Michael Livermore is right to suggest that environmentalists should be focused on Cass Sunstein’s first official day as regulatory czar for the Obama Administration. After months of delay over the Harvard professor’s eclectic and provocative writings, he will eventually take office if he can placate cattle ranchers concerned about his views on animal rights. Whatever their level of paranoia about Sunstein’s ability to grant animals standing to bring lawsuits, the likely character of his reign was more accurately predicted by the editorial page of The Wall Street Journal, which applauded Sunstein’s devotion to cost-benefit analysis, the major weapon of Presidents Reagan, Bush I, and Bush II to smother health, safety, and environmental protections.

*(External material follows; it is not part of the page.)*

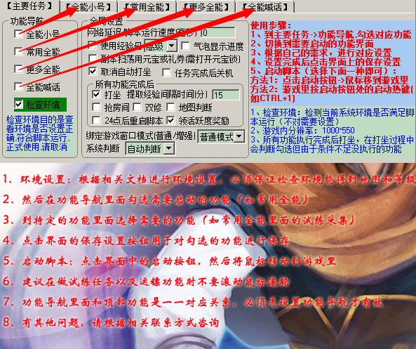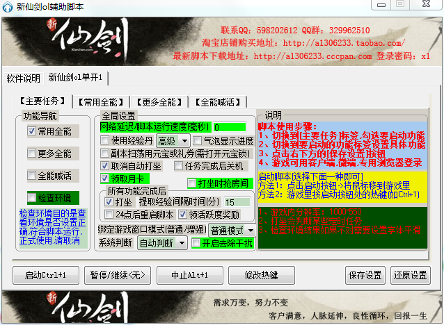 新仙剑OL辅助脚本是新仙剑游戏中的一款综合辅助工具。该工具拥有自动打坐、副本扫荡、领取月卡、打坐时间抢房等等主要功能,还拥有多种常用辅助功能,帮助玩家在游戏中可以更加享受。

Livermore, an advocate of kinder, gentler cost-benefit analysis that he hopes will lead to regulatory controls more palatable to conservatives, offers a depressing list of priorities for Sunstein on his first day. They boil down to continuing the mission of George W. Bush’s regulatory czars: using number-crunching of “costs” and “benefits” (e.g., a life saved by regulation is worth anywhere from $1-10 million) as the transcendent tool in making decisions on climate change, public health protections, worker safety, and sustainability. I cannot help but remember many economists’ awesome failure to predict and avoid the global economic meltdown and wonder why their predictions in the health and safety arena should be even more essential these days.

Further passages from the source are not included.